ジョージ・ブラウン一家が住んでいた「キナワヌア」
シドニー郊外のゴードンに、「キナワヌア」という名の古い住宅がある。メソジスト教会宣教師ジョージ・ブラウン一家が住んでいた家である。「キナワヌア」とは、彼が赴任していた南太平洋の小さな島の地名に由来する。

玄関ホールの壁には、ブラウン一家の数枚の写真を収めたパネルが掛かっている。持ち主や住民は変わっても、建物の一部としてこれらの写真が受け継がれてきた。

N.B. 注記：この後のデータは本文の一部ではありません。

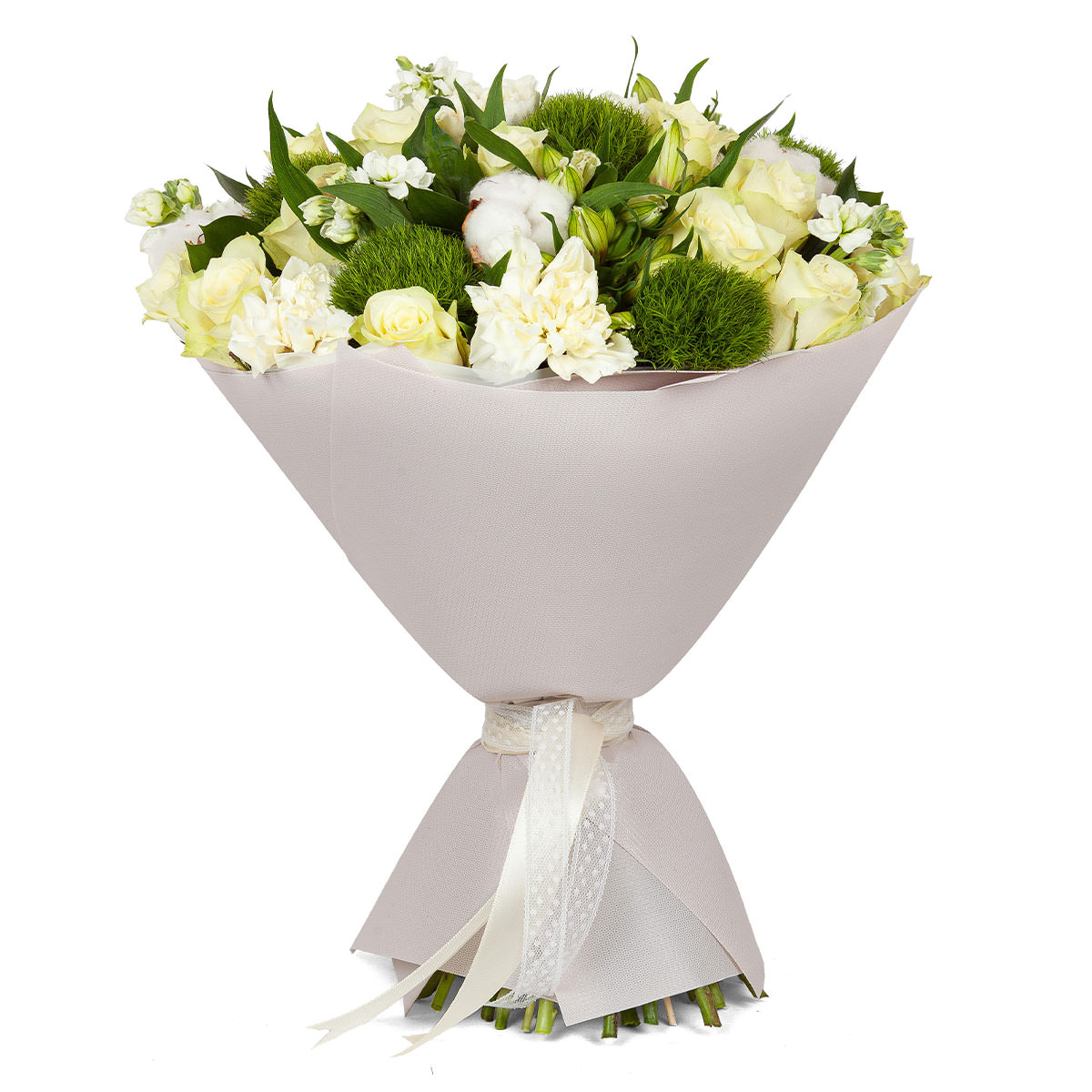 Роза одноголовая белая, маттиола белая, диантус Грин трик, хлопок. Упаковка (лента, пленка, крафт, сетка, пленка матовая)
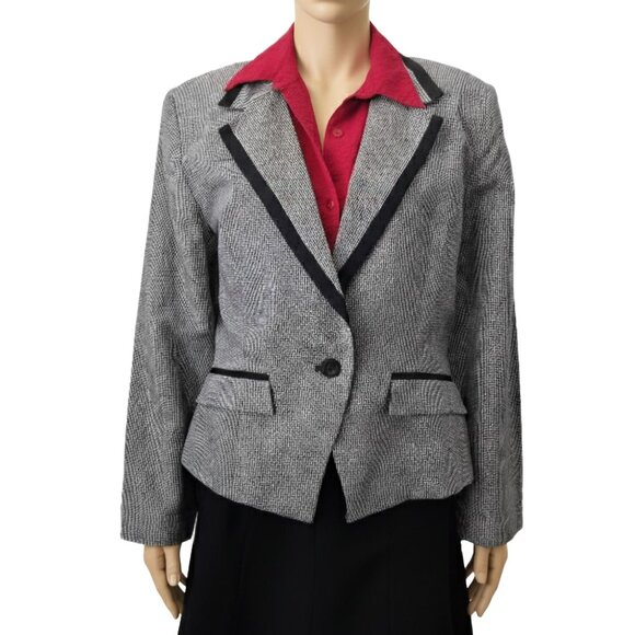 For Pete’s Sake Blazer Houndstooth Black and White Single Button Womens Medium
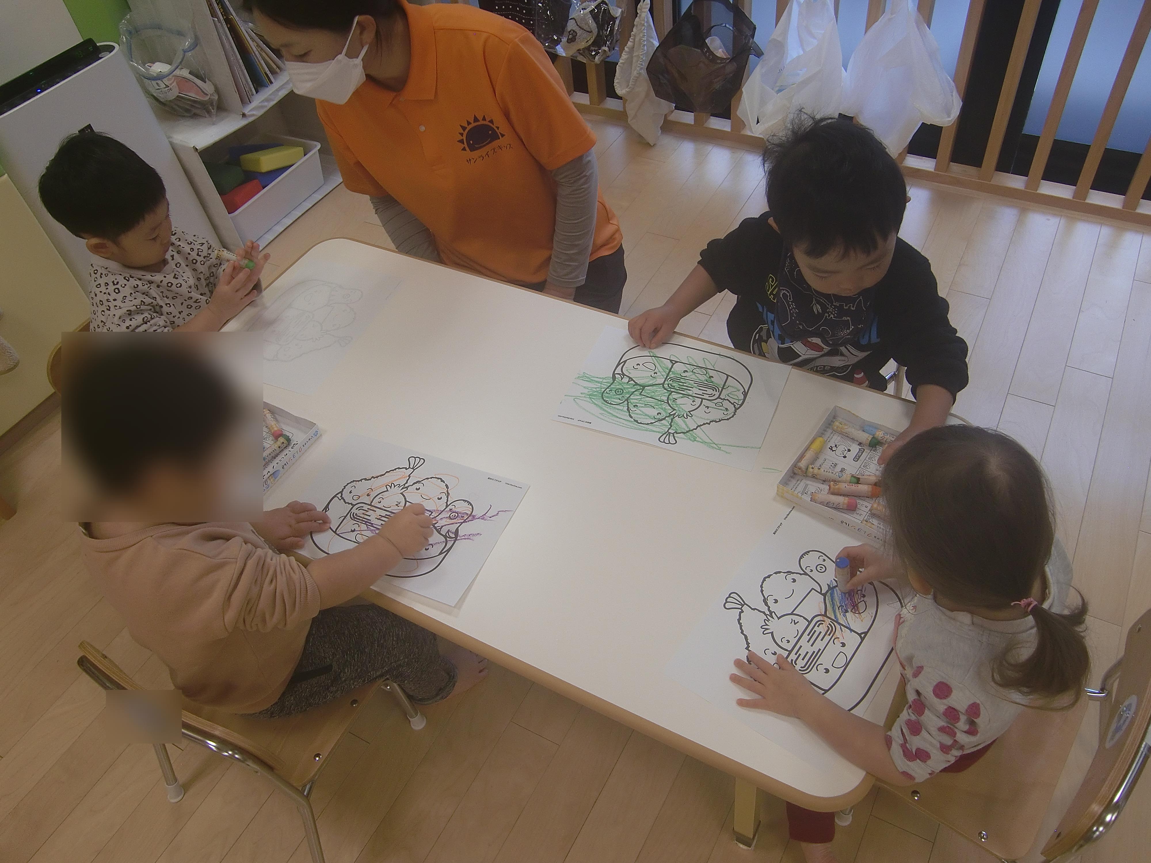 11月の製作に『おべんとうバス』をつくろうと考えているため、みんなでぬり絵をしてみました![]()
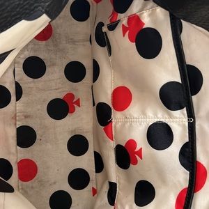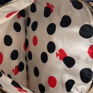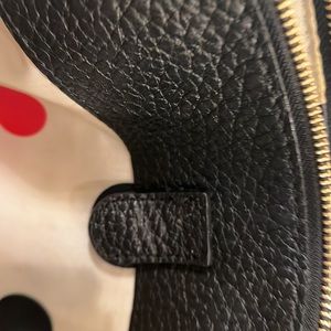 Gently used Kate Spade Leather Bag . Black with gold hardware. Outside is excellent used condition. Inside bottom of bag has some markings from makeup. Outer two zippered sections clean and excellent used condition.
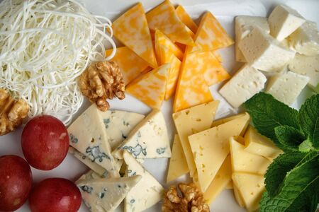 Close-up of a cheese plate. 4 types of cheese, soft white brie cheese, camembert, semi-soft briques, blue, roquefort, hard cheese. Walnuts, green grapes. Beautiful serve. restaurant.
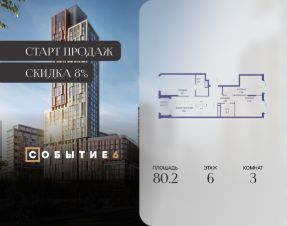 Скидка до 8% действует до 09.02.2026 г. при 100% оплате и не субсидированной ипотеке.Продаётся 3-комнатная квартира от застройщика: общая площадь 80.20 м², жилая 42.80 м², кухня 20.70 м², 6-й этаж, жилой квартал ''Событие-6'', корпус 2 (секция 3) Срок сдачи: 1 квартал 2029 года.Позвоните сейчас и забронируйте квартиру! Продуманный до деталей. Созданный для жизни, полной счастливых событий. Парк-квартал СОБЫТИЕ - это жизнь класса премиум в престижном районе на Мосфильмовской улице.Архитектура мирового уровня. Выигрышное расположение на границе природного комплекса ''Долина реки Раменки''. Все для комфортной жизни и досуга: от детсадов и школ до ресторанов и медцентров. И новая точка притяжения - уже готовый парк ''Событие'' с пространствами активности для всех возрастов и интересов. Особенности квартала:• ''Парящие'' мосты и парк под облаками - уникальный дом с самыми завораживающими видами из окон ''в пол''• Собственный парк - сразу за порогом!• Архитектурная концепция от известных международных бюро LDA Design и UHA London• Инфраструктура ''тапочной доступности'': в кафе, школу, магазин - за пару минут!• Внутренний двор - настоящее продолжение вашего дома: закрытая охраняемая территория без машин, развивающие детские площадки, воркауты-зоны для тех, кто хочет быть в форме, площади для праздников и посиделок с соседями.
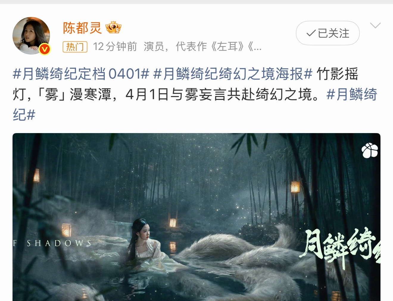 月鳞绮纪定档了,明天开播,雾妄言真的来了,期待陈都灵的表演月鳞绮纪定档
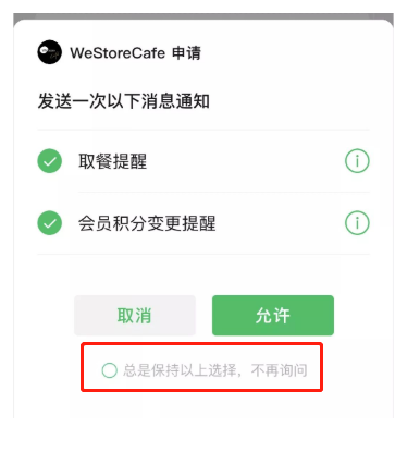 只要勾了了“总是保持以上选中” 下次重新调取来也不弹起来,是正常的 ,但也要给我一个api修改这个状态啊,万一我后悔了呢?不想一直接受消息呢?
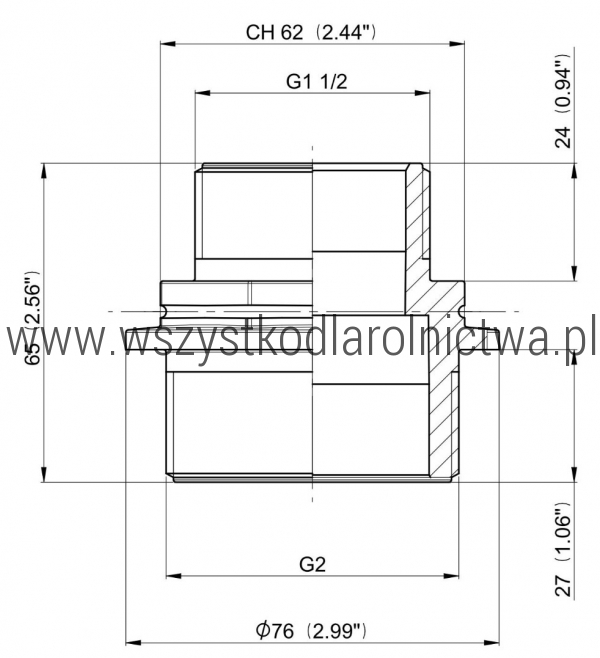 FŚrednica gwintu złącza nr 2
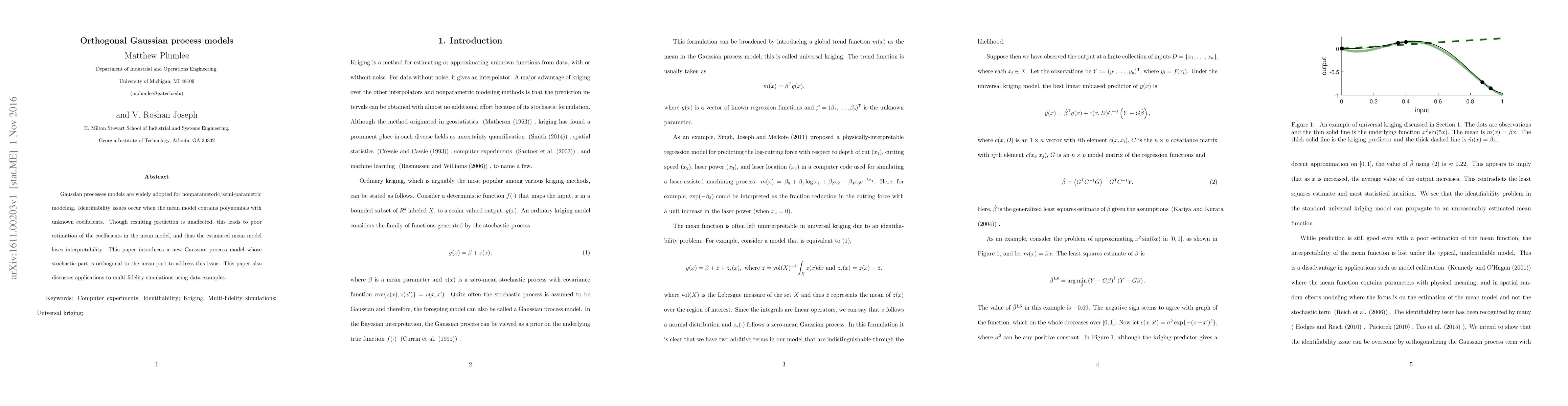 This research introduces a new Gaussian process model where the stochastic part is orthogonal to the mean part, addressing identifiability issues in coefficient estimation in polynomial mean models.
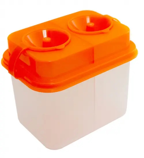 Заглушки присоединены к крышке, что исключает их потерю. Два отделения: для смывания краски и ополаскивания кисточки в чистой воде.
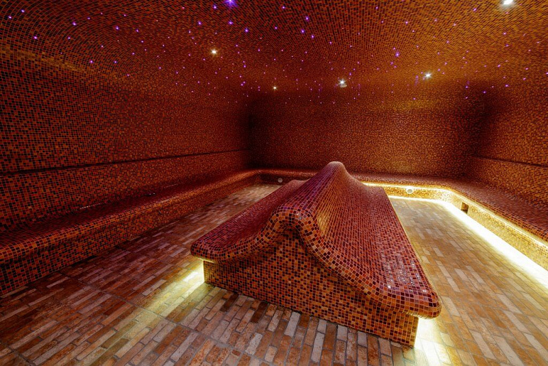 - Термальный СПА-комплекс — включает 10 бассейнов и 17 термальных комнат. В комплексе доступны хаммам, кофейная сауна, кело-баня, арома-сауна и гидромассажные ванны.
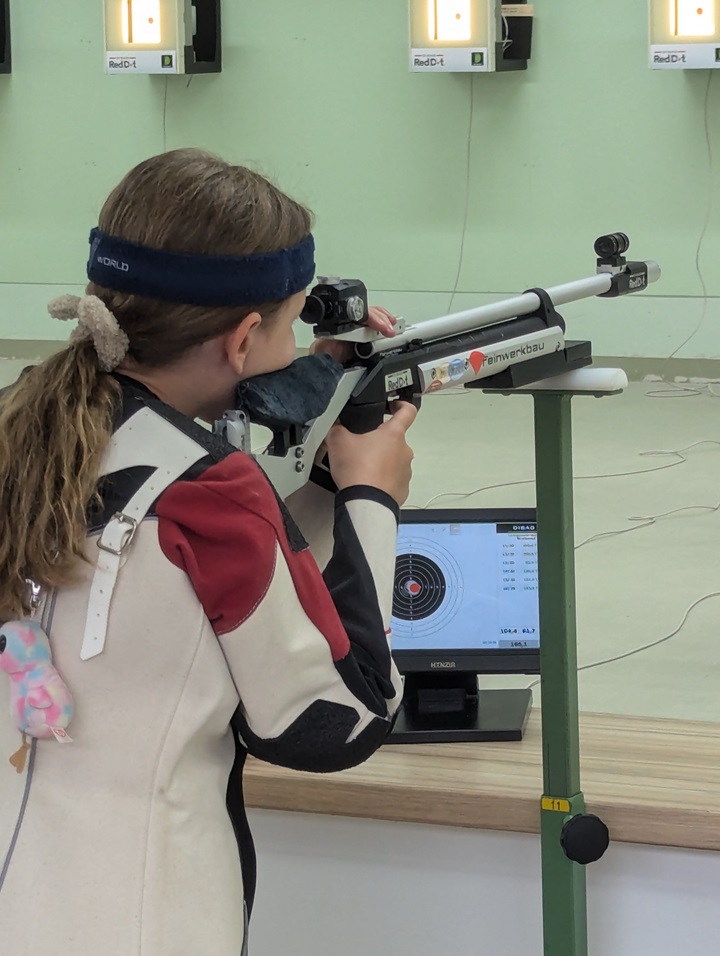 Bei den Kreismeisterschaften errang ESG mit dem Lichtgewehr den ersten Platz. Olivia Mau, eine Altersklasse höher,
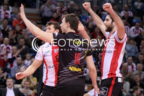19.02.2012 RZESZOW SIATKOWKA PLUS LIGA 2011/2012 MEN VOLLEYBALL POLAND POLISH PLUSLIGA LEAGUE SEASON 2011/2012 MECZ ASSECO RESOVIA RZESZOW - AZS POLITECHNIKA WARSZAWSKA N/Z RADOSC SIATKARZY ASSECO RESOVIA MARKO BOJIC KRZYSZTOF IGNACZAK LUKASZ TICHACEK FOT MACIEJ GOCLON / FOTONEWS
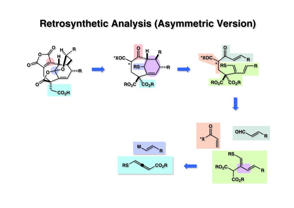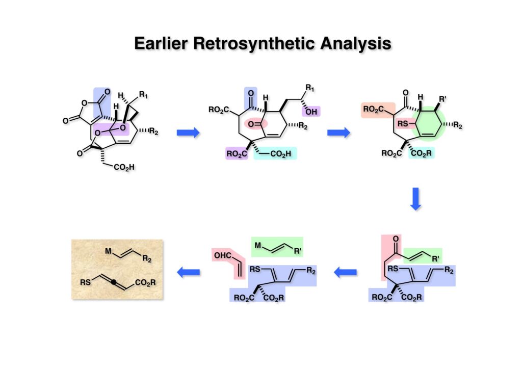 取り敢えずザックリ考えた逆合成解析をこのページに示す。(1-1) のマレイン酸無水物はβ-ケトエステルをエノールトリフレートに変換してPd触媒を使ったカルボニル化を実行すれば良いと考えた。ケタールラクトンは加アルコール分解すればエステル-ケトン-アルコールとなる。(1-2) の四級炭素は不斉合成に手間がかかりそうなのでマロン酸エステルにしておいた方が便利である。ケトンはPummerer転位で構築するならば (1-3) のようなサルファイドに簡略化できる。(1-3) のretro-Diels-Alder反応で導かれるのは (2-3) となる。(2-3) の構築には3つに色分けした部分に分けることができる。マロン酸エステルからはアクロレインへのMichael付加が考えられるし、得られた化合物のアルデヒドにカルバニオンを付加-酸化すれば (2-3) になる。(2-2) のジエン部分の構築はアレンエステル (2-1) への共役付加を行えば立体化学の制御が容易になると考えられた。
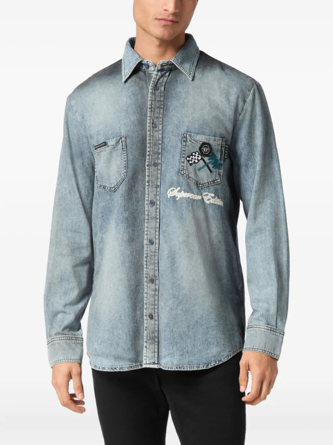 Джинсовая рубашка Philipp Plein Cars Racing, синий
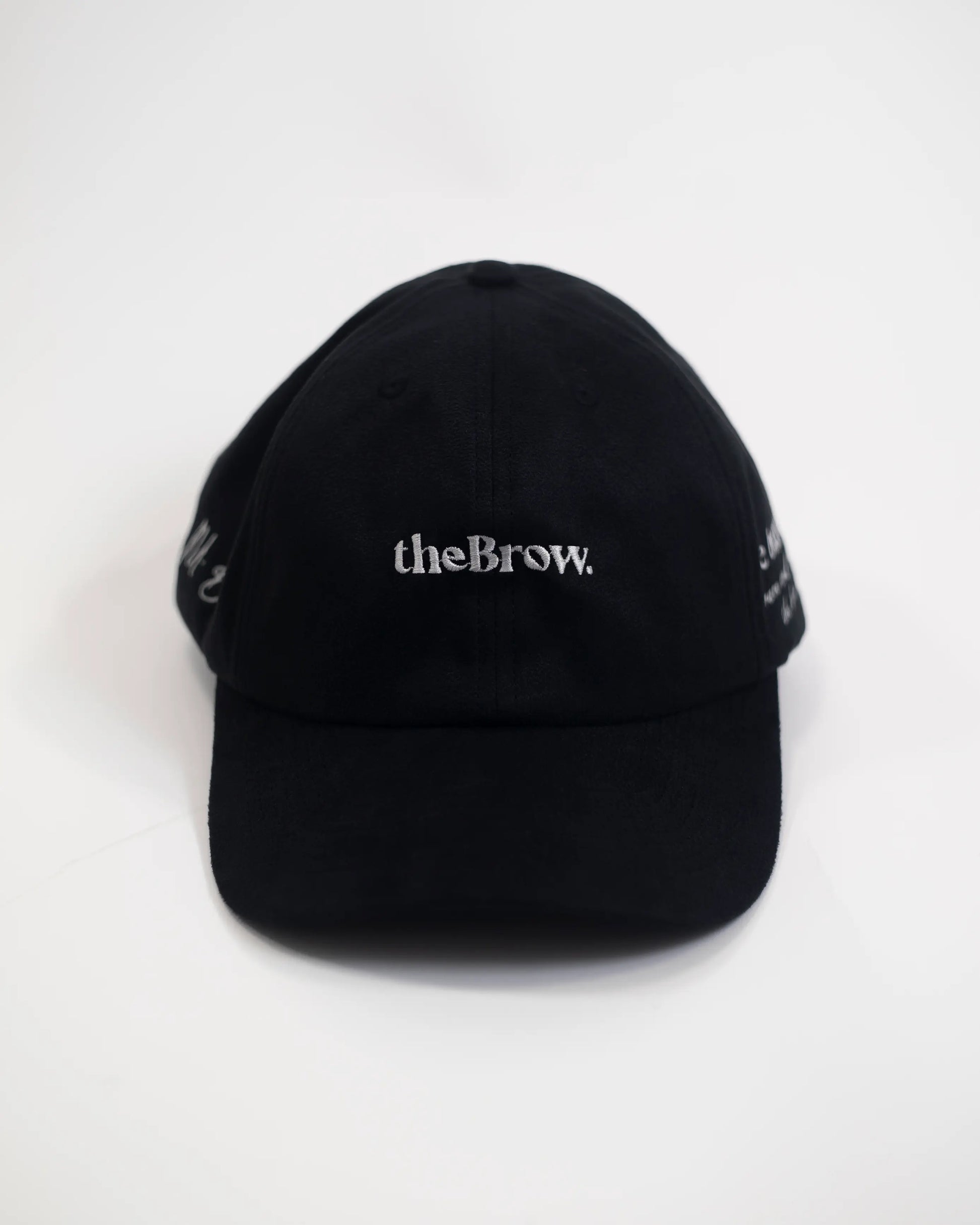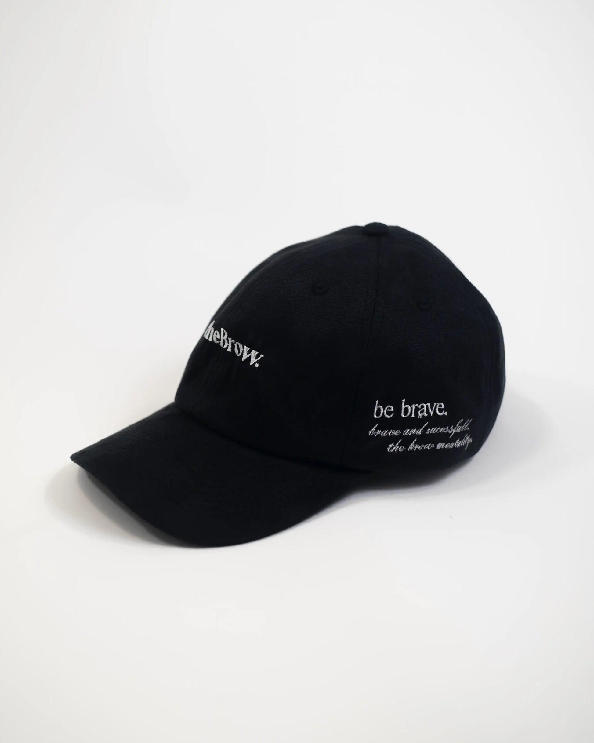 Produzido com tecido premium de toque macio e acabamento impecável, oferece conforto duradouro e um ajuste preciso com fecho metálico ajustável na parte traseira. Na frente, o logo theBrow. bordado com precisão em branco entrega contraste e identidade. Na lateral, a assinatura "M. Brow" e a mensagem "be brave. brave and successful – the brow mentality" reforçam o mindset da marca: coragem, ambição e elegância em movimento.
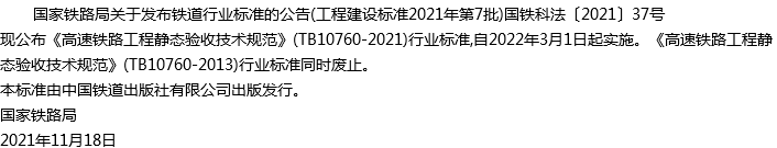 当前位置:首页 > 标准规范 > 高速铁路工程静态验收技术规范 <返回
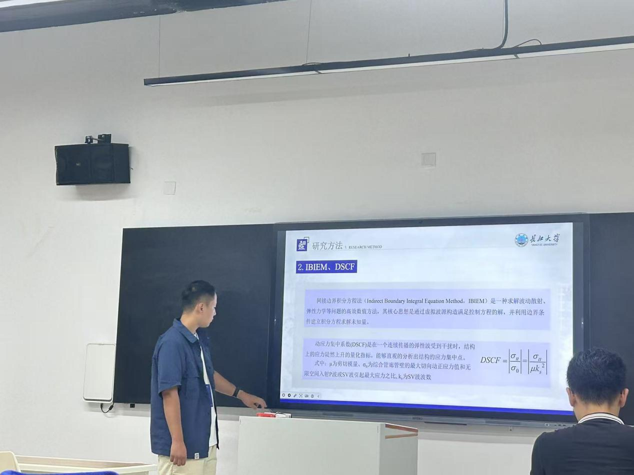 我院2023级研究生易舜在论坛中以“SH波作用下城门洞形隧道动力响应分析”为主题进行了汇报,内容主要以全空间中的深埋城门洞形隧道为研究对象,以间接边界积分方程法(IBIEM)和弹性波动理论为基础,对在平面SH波作用下的城门洞形隧道的动力响应问题展开研究,旨在更好地理解隧道在受到外部动态荷载时的响应特性。这不仅有助于优化隧道设计,提高其抗震能力,还能为隧道的日常维护和灾害预警提供科学依据。

その中で、私の目をとらえたのはジョージの隣に座った妻、リディアの姿である。ジョージは、自叙伝の中で夫唱婦随の関係を誇らしげに書き記しているが、リディアは決して夫のように布教の使命感に溢(あふ)れていたわけではない。

ここゴードンに居を構える少し前、ブラウン夫妻は布教先の島で2人の子供を病気で亡くしている。ジョージの長期出張中の出来事で、夫の帰宅を待つリディアの心情は推察するに余りある。

「キナワヌア」に住んでからというもの、リディアは夫に同伴して海外に行くことはほとんどなくなり、この家と家庭をひたすら護(まも)ったという。民博が所蔵する南太平洋の民族誌資料ジョージ・ブラウン・コレクションは、かつてここの一室に展示されていた。